I am a 50-year old defence officer with two dependents. My monthly take home salary is Rs 58,000. Post-retirement, after four years, I am likely to receive about Rs 30 lakh as a lump sum and a monthly pension of Rs 25,000. Examine the financial health of my portfolio, review my mutual fund selection and suggest the necessary changes and additional investments.
-Pradeep Sharma
PROFILE
Age: 50 years
Dependents: Two (wife & son)
Salary: Rs 58,000 pm
Financial goals An amount of Rs 20 lakh towards son's education (MBA/post graduation) after three years and a post-retirement kitty for wife and self.
Your investments are spread across five broad categories — provident fund, fixed deposits, gold, mutual funds and real estate.
Your mutual fund portfolio sports six funds, including two based on the infrastructure theme, one sector fund and a balanced fund. When one looks at your entire portfolio, your equity allocation is not high, but a large component of it (45 per cent) is in mid-and small-cap stocks.
We are not happy with your selection of funds. We feel the sector and thematic investments are high. You also need to increase your large-cap exposure.
Following are three steps to get your portfolio on track to help you achieve your goals.
PRUDENT FUND SELECTION: You have been allocated Rs 31,000 every month for SIP. Investing systematically is a smart idea.

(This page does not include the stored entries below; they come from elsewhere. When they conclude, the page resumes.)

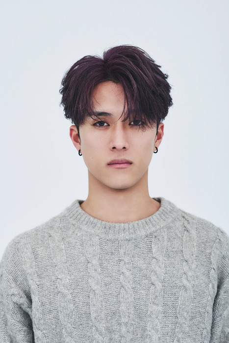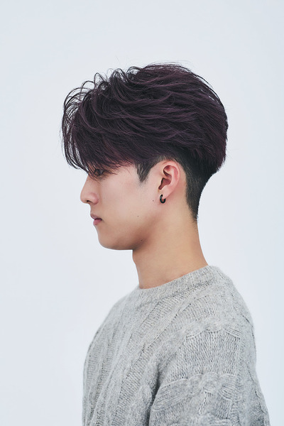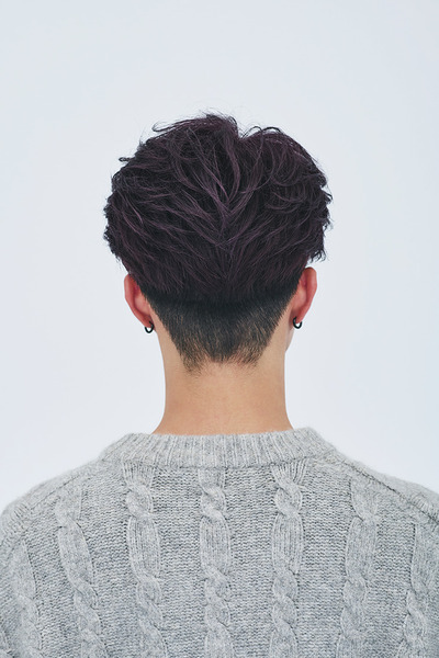 顔まわりを内に入れた狭めコンマヘアに、光で表情を変えるダークパープルのカラーをプラスしたスタイル。派手すぎず個性が出せるカラーで、落ち着いた印象に仕上がっている。黄みを抑えたベージュ系へと色落ちするので、秋冬のトーンチェンジにも最適だ。model: Nakamura Kosei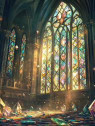 Gothic cathedral with gemstone windows, beautifully crafted in lapidary art, stunning stained glass effect created with gem inlays, lapidary saw, lapidary equipment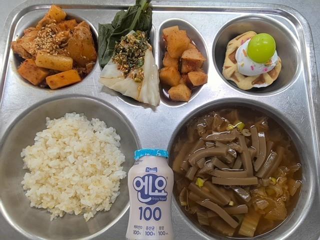 중식 노랑차조밥 도토리묵국(5.6.8.9.18) 양배추케일쌈&양념장(5.6) 닭갈비&떡사리(1.2.5.6.13.15.16.18) 직접담은깍두기(자율)(9) 과일생크림와플(2.5.6)(샤인머스켓) 플레인요구르트(2)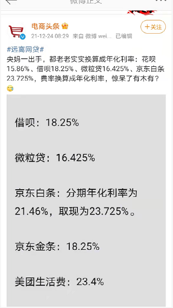 前两天,有条微博全面整理了,互联网金融贷的年利率。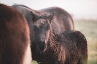close up van een donkerbruin veulen, dat bij zijn moeder in de wei staat, met een natte vacht door de ochtendmist
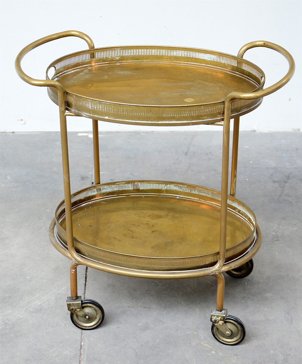 Carrello porta vivande in ottone con piani a vassoi amovibili (difetti)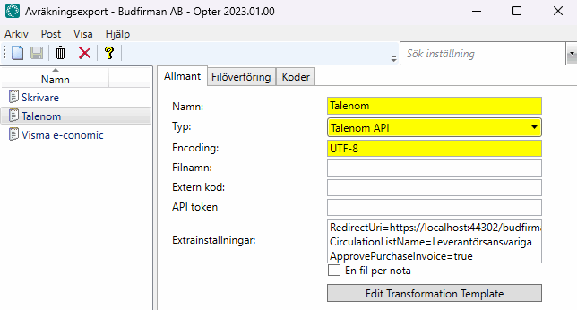 Go back to the Üldine tab. In the Extra settings field, settings can be configured that affect the supplier invoice created in Talenom. The economic units in Talenom are also mapped to economic units in Opter here. Enter each setting on a separate line.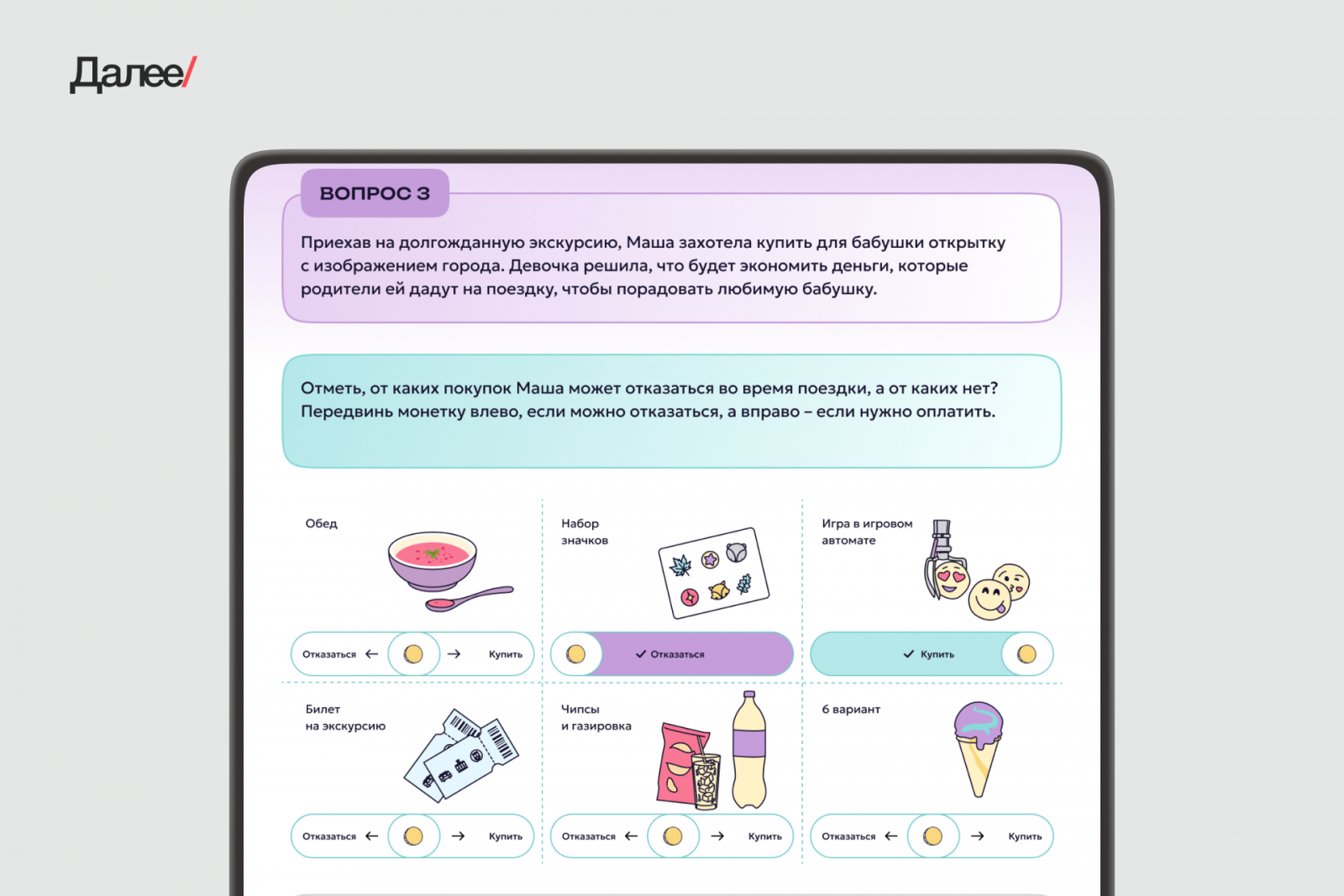 На сайте мы разделяем интерфейсы на личный, семейный и олимпиадный зачет. У каждой группы — свои сценарии и вопросы, которые система формирует из базы данных на основе возраста и жизненных ситуаций. Исключение — олимпиадный зачет, задания для которого разрабатывают преподаватели ВШЭ. Здесь проверка для всех едина и пройти ее можно только в течение 3-х дней из 21.

It averages the purchase cost over a period of time.
We have created a model portfolio for you based on the logic that you need to decrease your mid-and small-cap exposure. This category of funds should be a small part of the over all portfolio. The core should always have large-cap oriented equity diversified funds.
With that is mind, we have narrowed down on four equity diversified schemes with a monthly SIP of Rs 26,000. This include HDFC Equity, DSPBR Top 100, Kotak 30 and Birla Sunlife Frontline Equity. In three years’ time your investments will be well over Rs 11 lakh.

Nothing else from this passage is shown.